|
From: Josef W. <Jos...@gm...> - 2008-06-06 17:37:59
|
On Friday 06 June 2008, Nicholas Nethercote wrote:
> On Thu, 5 Jun 2008, Josef Weidendorfer wrote:
> > The LRU list of L1 now is (a1, a2), and the one of L2 is still (a2, a1).
>
> In short: when an L1 hit occurs, the L1 MRU list is updated, but the L2 MRU
> list is not, right?
Yes.
> Hmm, I think your analysis is correct. I hope anyone
> that is using Cachegrind for serious analysis is plugging their own cache
> simulator into it.
>
> Making the simulation correct so that it is properly inclusive seems like a
> good thing to do.
Yes, but of course this depends both on performance and results effect.
> Would you be able to work up a patch that does this,
First try:
Modify the simulation macro to add a HIT_TREATMENT, and for I1/D1, on a hit
do a L2 reference, the same way as on a miss. This adjusts the L2 MRU lists.

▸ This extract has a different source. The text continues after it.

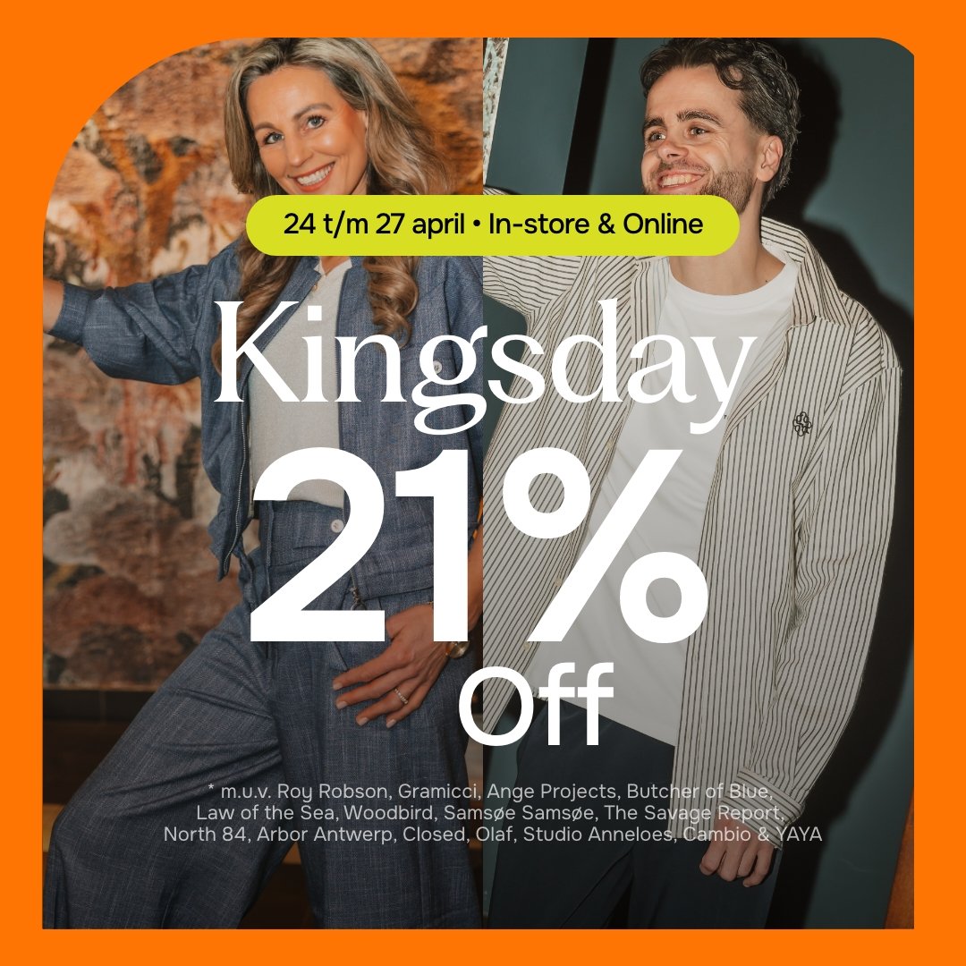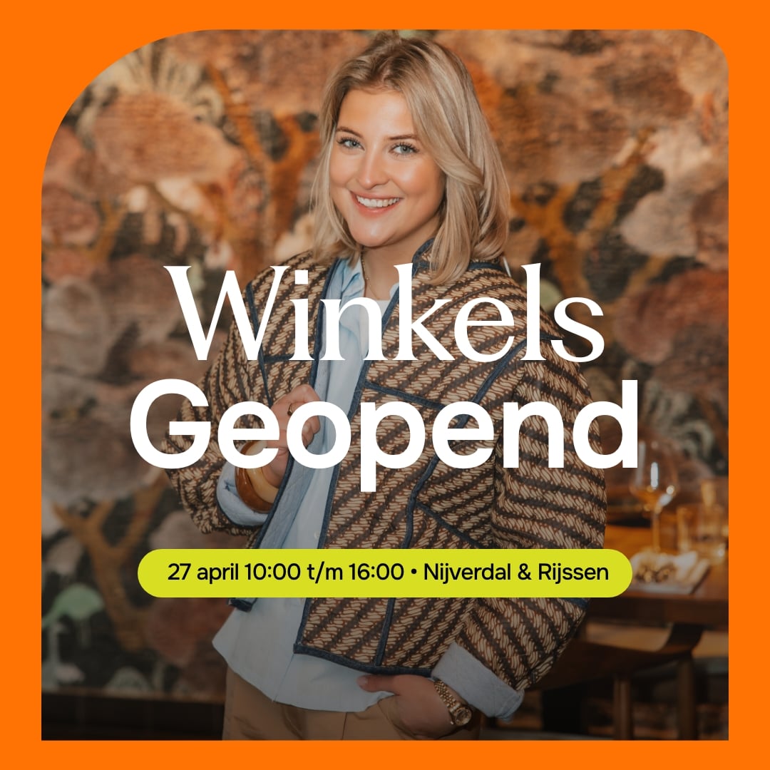Om het extra feestelijk te maken, hebben wij een speciale actie: 21% Koningsdagkorting op (bijna) onze hele collectie. Je shopt deze korting zowel online als in onze winkels in Nijverdal en Rijssen. Je hoeft niet te wachten tot maandag, want de actie start al online op vrijdag 24 april om 19:00 uur en loopt door t/m maandag 27 april 23:59 uur. In de winkels profiteer je zaterdag en maandag van deze actie.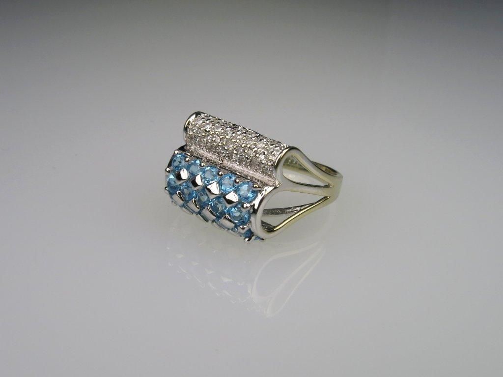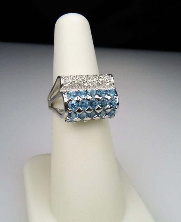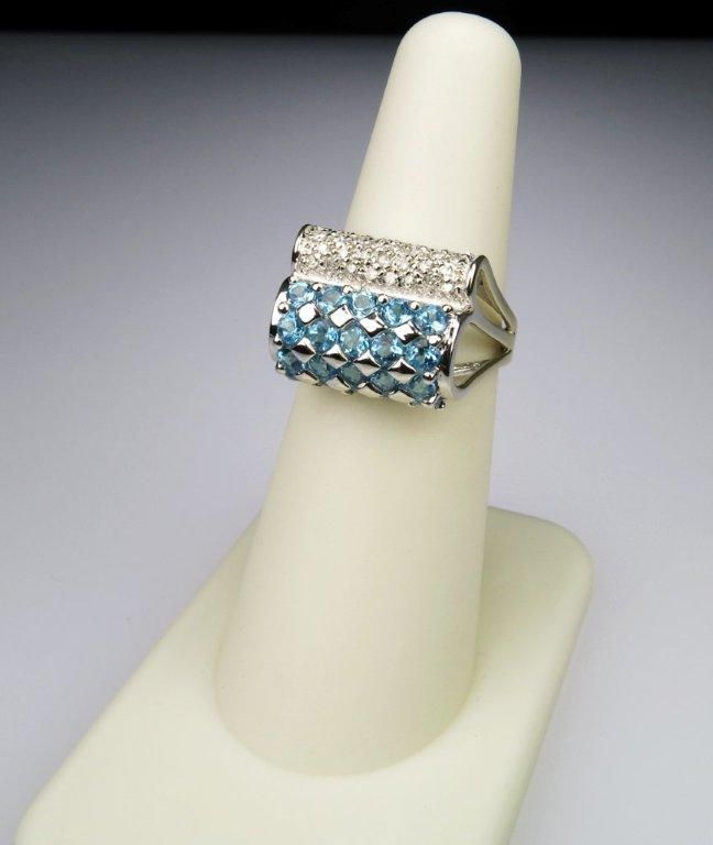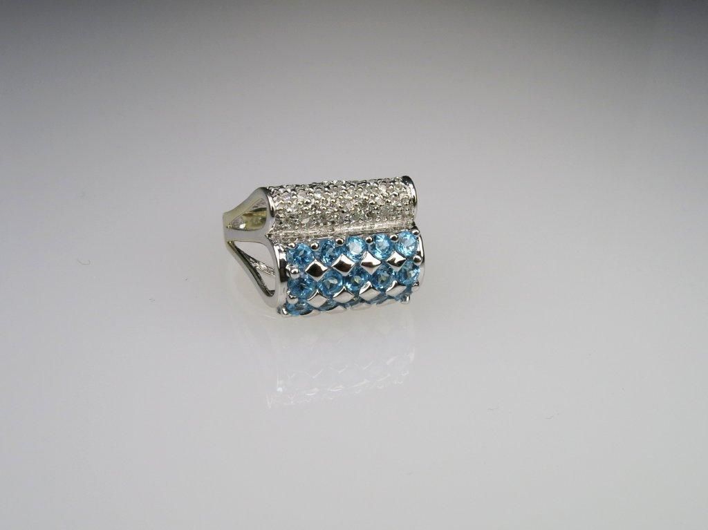 With 20 round cut topaz weight approx. 2.00 carats and 38 round cut pave set diamonds set in 14 karat white gold. Labor Intensive.

With an inclusive cache, a L2 reference after a L1 hit always should give a
hit in L2, too...
So with the macro definition (and according additions in the macro)
#define CACHESIM(L, MISS_TREATMENT, HIT_TREATMENT) ...
we can check for the inclusion property with
CACHESIM(D1, { (*m1)++; cachesim_L2_doref(a, size, m1, m2); },
{ cachesim_L2_doref(a, size, 0, 0); } );
Note that for a L1 hit, we call the L2 reference with m1/m2 as zero pointers.
Thus, if there is a L2 miss instead, there will be a segfault.
And really, this crashes already with small programs on my Pentium-M laptop :-(
So even with this addition, the cache simulation is not really fully inclusive...
I can only assume what is going on:
On my laptop, the Pentium-M has an 8-way associative for L1D, L1I and L2 (which also
is used as parameter by Cachegrind). For addresses mapping into the same set,
L1 and I1 *each* can hold 8 cache lines, while the unified L2 can hold 8 lines only.
So there is the possibility that lines are evicted from L2 which still are in
L1D or L1I, even with adjusted MRU list.
To really get inclusive behavior, everytime a cacheline is evicted (from L1D, L1I or
L2), we would need to invalidate it in the other caches. This probably would get
really messy.
In other words, I do not think that the above change is worth it.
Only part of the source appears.